Bulgar (also known as Bulghar, Bolgar, or Bolghar) is an extinct Oghur Turkic language spoken by the Bulgars.

The name is derived from the Bulgars, a tribal association that established the Bulgar state known as Old Great Bulgaria in the mid-7th century, giving rise to the Danubian Bulgaria by the 680s. While the language was extinct in Danubian Bulgaria (in favour of Old Church Slavonic), it persisted in Volga Bulgaria, eventually giving rise to the modern Chuvash language. 

Other than Chuvash, Bulgar is the only language to be definitively classified as an Oghur Turkic language.

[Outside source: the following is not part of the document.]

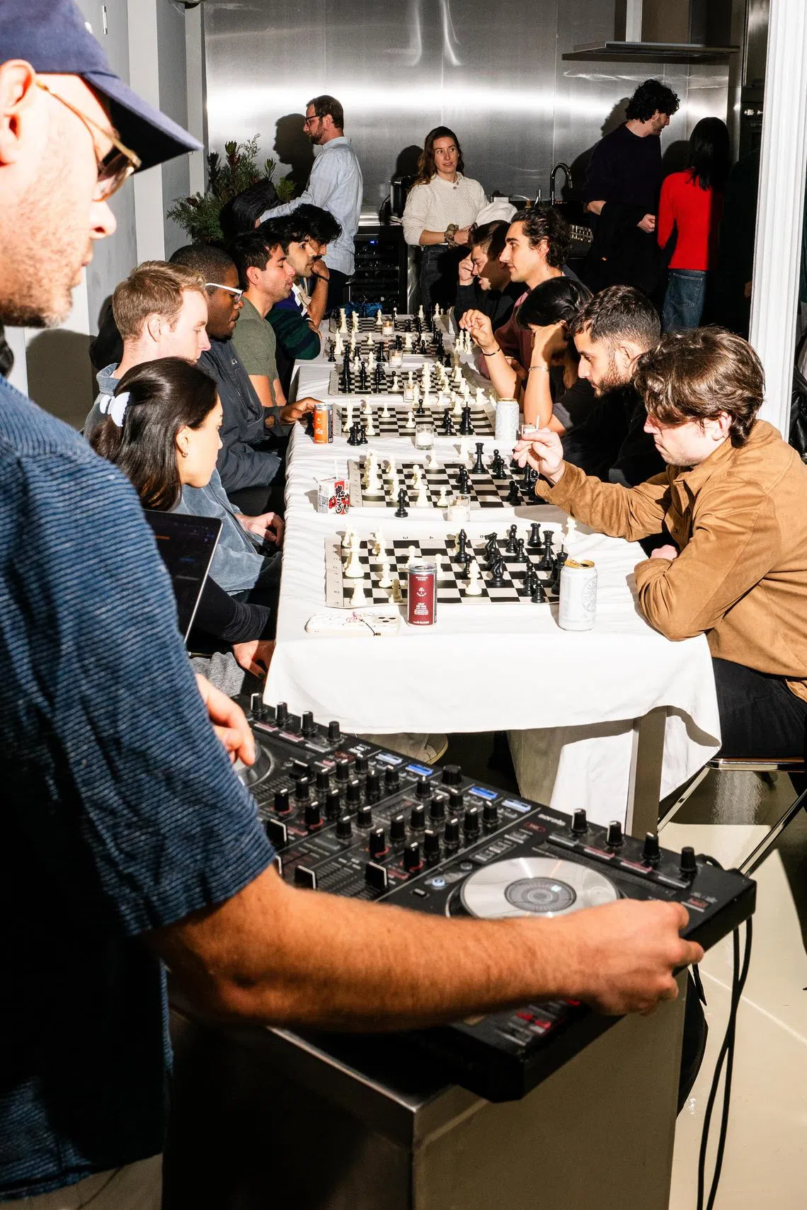A DJ plays at a meeting of the Pawn Chess Club in an apartment on Canal Street in Lower Manhattan on Dec 10.

The inclusion of other languages such as Hunnish, Khazar and Sabir within Oghur Turkic remains speculative owing to the paucity of historical records. Some scholars suggest Hunnish had strong ties with Bulgar and to modern Chuvash and refer to this extended grouping as separate Hunno-Bulgar languages.

Affiliation
Mainstream scholarship places Bulgar among the "Lir" branch of Turkic languages referred to as Oghur Turkic, Lir-Turkic or, indeed, "Bulgar Turkic", as opposed to the "Shaz"-type of Common Turkic. The "Lir" branch is characterized by sound correspondences such as Oghuric /r/ versus Common Turkic (or Shaz-Turkic) /z/ and Oghuric /l/ versus Common Turkic (Shaz-Turkic) /š/. As was stated by Al-Istakhri (Х c. AD), "The language of the Khazars is different than the language of the Turks and the Persians, nor does a tongue of (any) group of humanity have anything in common with it and the language of the Bulgars is like the language of the Khazars, but the Burtas have another language." The only surviving language from this linguistic group is believed to be Chuvash. Omeljan Pritsak in his study "The Hunnic Language of the Attila Clan" (1982) concluded that the language of the Bulgars was from the family of the Hunnic languages, as he calls the Oghur languages. According to the Bulgarian Antoaneta Granberg, "The Hunno-Bulgar language was formed on the northern and western borders of China in the 3rd–5th c. BC." The analysis of the loan-words in Slavonic language shows the presence of direct influences of various language-families: Turkic, Mongolic, Chinese and Iranian.

Bulgarian views
On the other hand, some Bulgarian historians, especially in recent decades, link the Bulgar language to the Iranian language group instead (more specifically, the Pamir languages are frequently mentioned), noting the presence of Iranian words in the modern Bulgarian language. According to Raymond Detrez, who is a specialist in Bulgarian history and language, such views are based on anti-Turkish sentiments and the presence of Iranian words in the modern Bulgarian is result of Ottoman Turkish linguistic influence. Indeed, other Bulgarian historians, especially older ones, only point out certain signs of Iranian influence in the Turkic base or indeed support the Turkic theory.

Danubian Bulgar
The language of the Danube Bulgars (or Danubian Bulgar) is recorded in a small number of inscriptions, which are found in Pliska, the first capital of First Bulgarian Empire, and in the rock churches near the village of Murfatlar, in present-day Romania. Some of these inscriptions are written in the Greek characters, others in the Kuban alphabet which is similar to the Orkhon script. Most of these  appear to have been of a private character (oaths, dedications, inscriptions on grave stones) and some were court inventories. Although attempts at decipherment have been made, none of them has gained wide acceptance. These inscriptions in Danubian Bulgar are found along with other, official ones written in Greek; which was used as the official state language of the First Bulgarian Empire until the end of the ninth century, when it was replaced by Old Bulgarian (also called Old Church Slavonic, later Slavonic).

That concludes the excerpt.